The mart also adds two derived columns that are not in the source data: goals_contributions (goals + assists) and is_current_season (boolean, derived from the season field). The first is a convenience aggregation used throughout the player analytics pages. The second drives the “this season” filter default on every dropdown.

The Dashboard Layer: Player Profile

The player analytics page was designed around a player selector — a dropdown showing all players who have appeared in at least one match in the selected season. Selecting a player loads their profile.

The profile has four sections:

Season overview — the player’s aggregated statistics for the full season. Total goals, assists, matches played, average rating, total minutes. Presented as KPI cards at the top of the page, giving a quick picture of their contribution.

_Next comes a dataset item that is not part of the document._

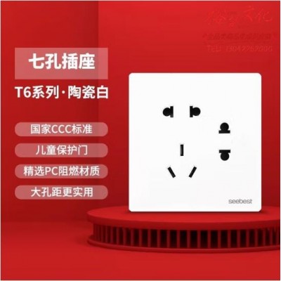 视贝 七孔插座 开关面板墙壁插座电源86型全屏面板智美系列 (zhyghf_221723966)SKU:yzwhyp908832

League standing — where the player ranks in the league for their key metrics. A card that says “Top 8% of attackers in the league by goals per 90” is more informative than a raw number, because it gives context. The percentile is calculated in the SQL query by ranking the player against all players at the same position across the same season.

Radar chart — a spider chart across eight dimensions: goals per 90, assists per 90, pass accuracy, key passes per 90, dribbles completed per 90, tackles per 90, aerial duels won per 90, and rating. Each axis is scaled to the league maximum for that metric and that position group, so 100% means best in the league. The shape of the radar gives an immediate fingerprint of the player’s style — a wide attacker looks different from a box striker, a ball-playing defender looks different from a stopper.

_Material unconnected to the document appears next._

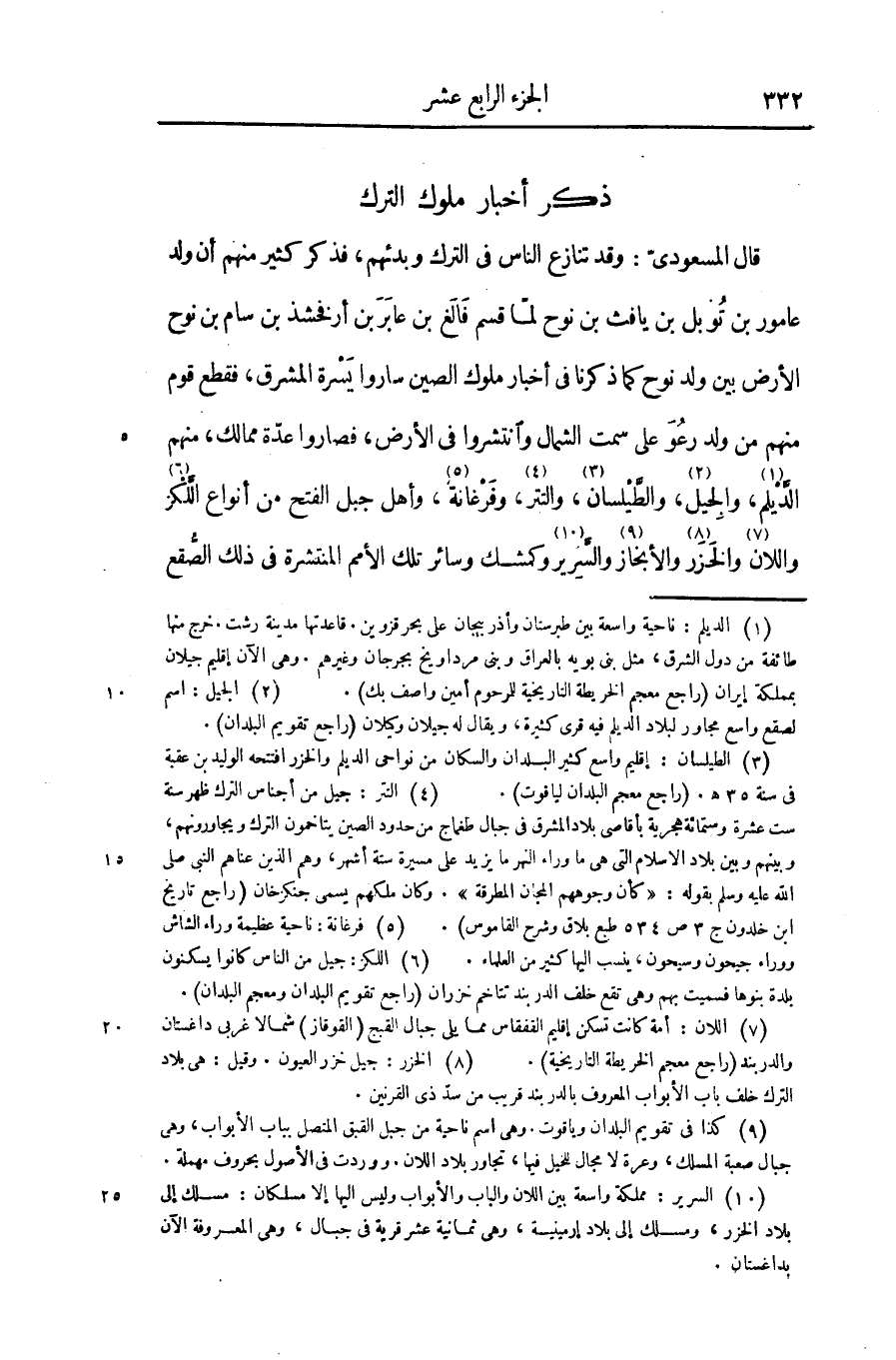 قال المسعودىّ: وقد تنازع الناس فى الترك وبدئهم، فذكر كثير منهم أن ولد عامور بن توبل بن يافث بن نوح لمّا قسم فالغ بن عابر بن أرفخشد بن سام بن نوح الأرض بين ولد نوح كما ذكرنا فى أخبار ملوك الصين ساروا يسرة المشرق، فقطع قوم منهم من ولد رعو على سمت الشمال وانتشروا فى الأرض، فصاروا عدّة ممالك، منهم الدّيلم «1» ، والجيل «2» ، والطّيلسان «3» ، والتتر «4» ، وفرغانة «5» ، وأهل جبل الفتح من أنواع الّلكز «6» واللان «7» والخزر «8» والأبخاز «9» والسّرير «10» وكمشك وسائر تلك الأمم المنتشرة فى ذلك الصّقع

Performance timeline — a chart showing the player’s rating and a key statistic (goals or saves, depending on position) across every match in the season. The timeline separates a genuine form run from a one-off performance, and it shows what happened to form around a change in manager, a long absence, or a run of difficult fixtures.

Per-90 Normalisation

Most player statistics in the dashboard are shown per 90 minutes rather than in aggregate. A player who played 600 minutes and scored 4 goals contributed the same per-90 rate as one who played 1,200 minutes and scored 8, but aggregates would make the second player look twice as good.

The per-90 calculation:

round(goals_scored * 90.0 / nullif(minutes_played, 0), 2) as goals_per_90

NULLIF handles zero-minute appearances (substitutes who were injured before they came on, for example). Multiplying by 90 before dividing by minutes means the result is goals per 90 minutes regardless of how many minutes the player actually played.

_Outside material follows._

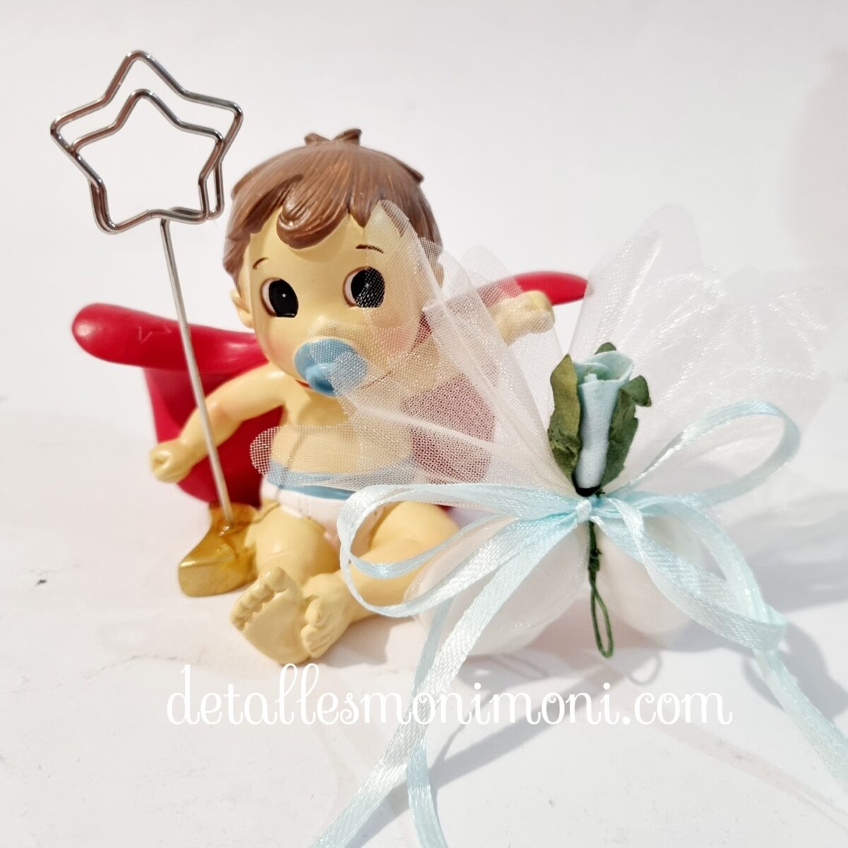 • Bonita combinación para los detalles de bautizo de niño y muy útil para que tus invitadas puedan colocar fotos o notas especiales en casa, además puedes añadir unas peladillas y darle un toque mucho más elegante.

The threshold for inclusion in the radar and the league standings is 450 minutes — roughly five full matches. Players below this threshold have too few minutes for per-90 rates to be meaningful. A forward who played one match and scored would show a goals-per-90 rate of 90 * (1/90) = 1.0, which would put them at the top of the chart based on a single data point.

What the Data Can and Cannot Tell You

The player analytics layer surfaces what happened. It shows that a player had an exceptional first half of the season and a poor second half. It shows that a winger contributes heavily on key passes but rarely scores. It shows that a goalkeeper’s save percentage dropped in the Championship Round.

What it cannot tell you is why. Injuries, form, tactical changes, quality of opposition — these context layers are not in the data. The timeline chart invites interpretation; it does not provide it.

The absence of xG is the most significant gap. Goals and shots are what you can count. Expected goals would let you distinguish a striker who scores from difficult angles — genuinely clinical — from one who scores because they get into good positions. That distinction matters. It is not available on the current plan, and it is the clearest signal about where a player analytics layer like this one has room to grow.